Beinn Udlaidh is somewhere I'd always rejected as somewhere I'd go soloing. Scotland's most well-known low-level ice climbing crag…a place of great quality after heavy snow-fall and sustained cold, but not somewhere I'd have felt confident climbing un-roped until very recently.
 

 The icy world of Beinn Udlaidh

 "Organ Pipe Wall"

And it had never really occurred to me that I would climb my first ever route here this late in the season…in fat and good conditions, confidently and enjoyably, before an Easter Sunday Clachaig morning shift. I had no idea this would be the next twist-in-the-plot of my winter until a few hours before I was greeted by the famous pigs that guard the track into Beinn Udlaidh's Coire Daimh.

 Looking up West Gully

 
 On the crux

How bizarre it felt to be standing underneath such extensive ice after such a short walk from the car, at such low altitude, when spring had already been well-established for weeks already this time last year. Getting sunburnt on the dry rock of the Northern Cuillin last March felt a life-time ago.

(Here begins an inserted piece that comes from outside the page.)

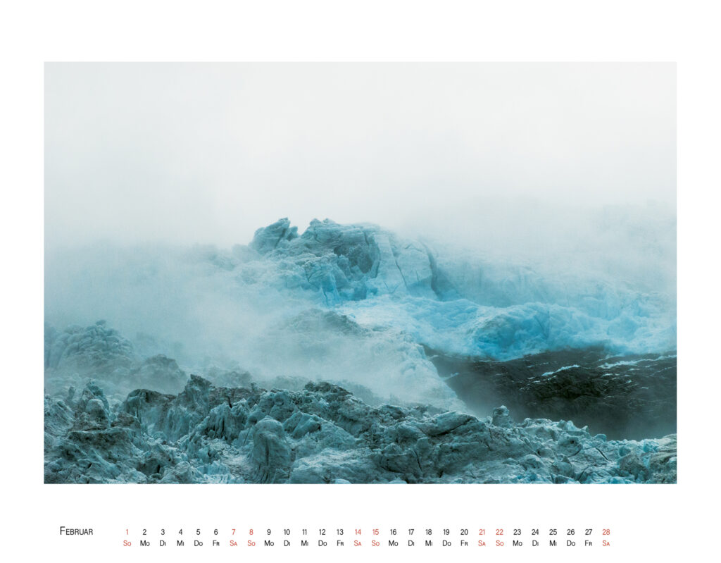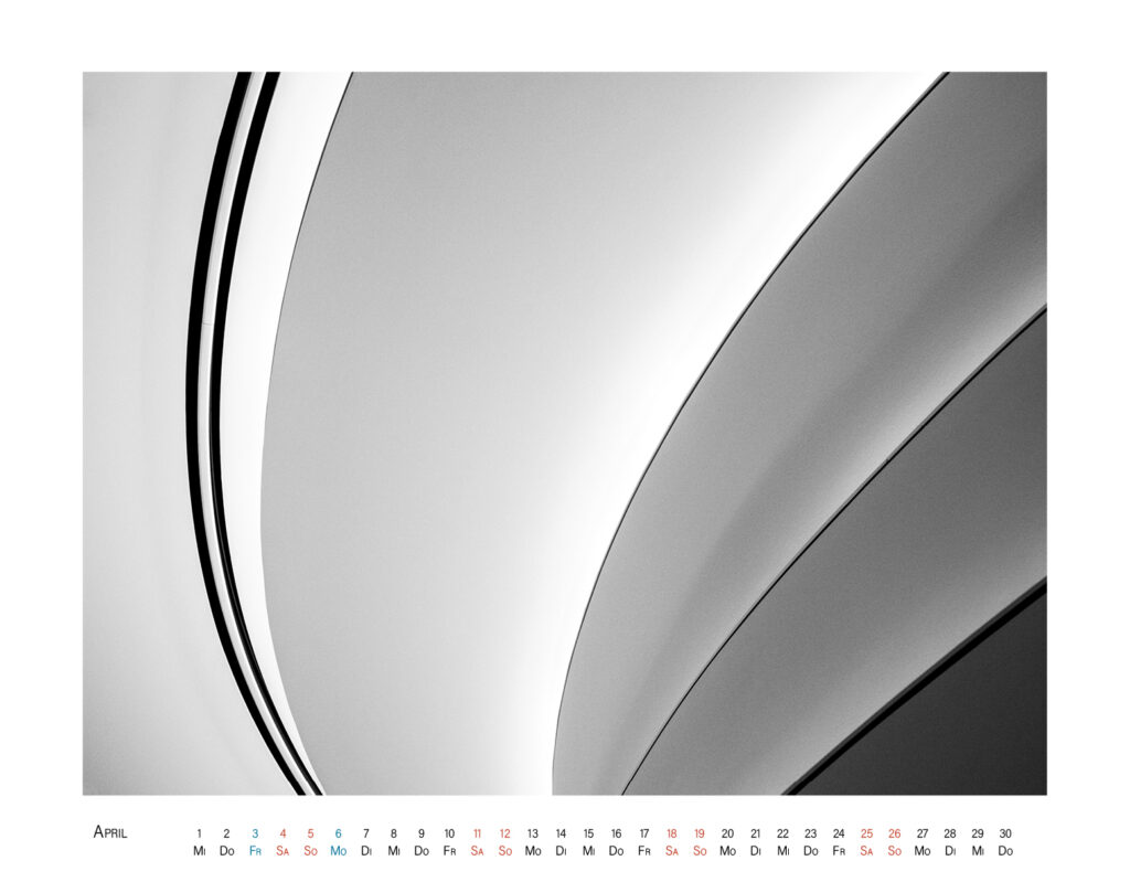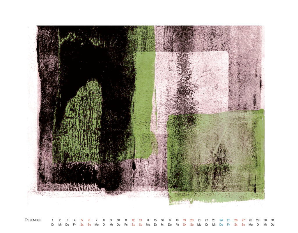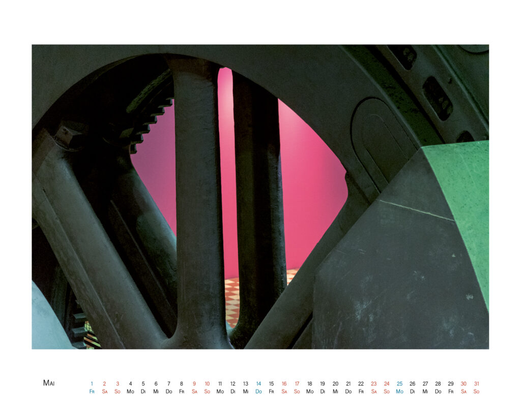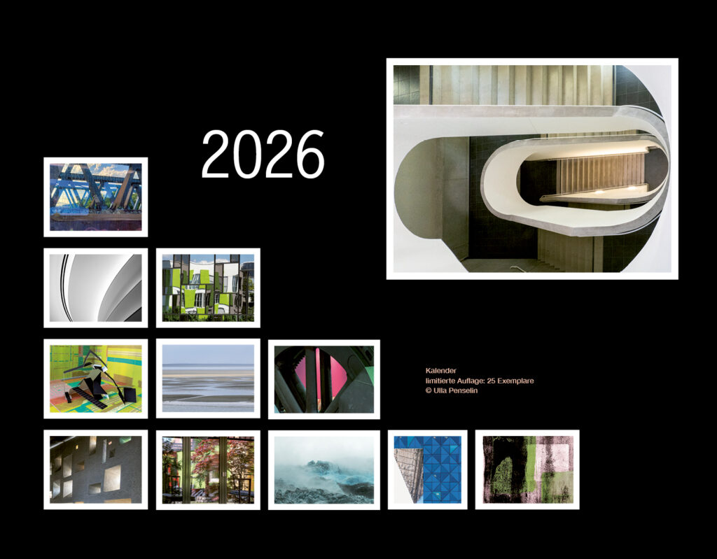 Kalender 2026 im Format 41 cm x 32 cm, 14 Seiten (Titelblatt, 12 Kalenderblätter mit „zurückhaltendem“ Kalendarium, Rückpappe); Digitaldruck auf weißem Papier (heaven42, 300 gsm), silberne Wire-O-Bindung.

West Gully was in great condition - first-time axe placements and an enjoyable course through the icy world of Beinn Udlaidh. The atmosphere here felt very different to that of the higher mountains, cosy almost, the stresses and concerns of snow conditions and hazards still present, but without the fully "Alpine" feel of many of my days climbing recently.


Extensive ice near the top of West Gully
 
By 9am I was back in the glen having a chat with the Orchy Farm pigs.
What next in this season which doesn't want to end?

James

1 comment:

  1. What a winter. I was fortunate to get a little taste of it. You are fortunate indeed. Well done on making the most of it.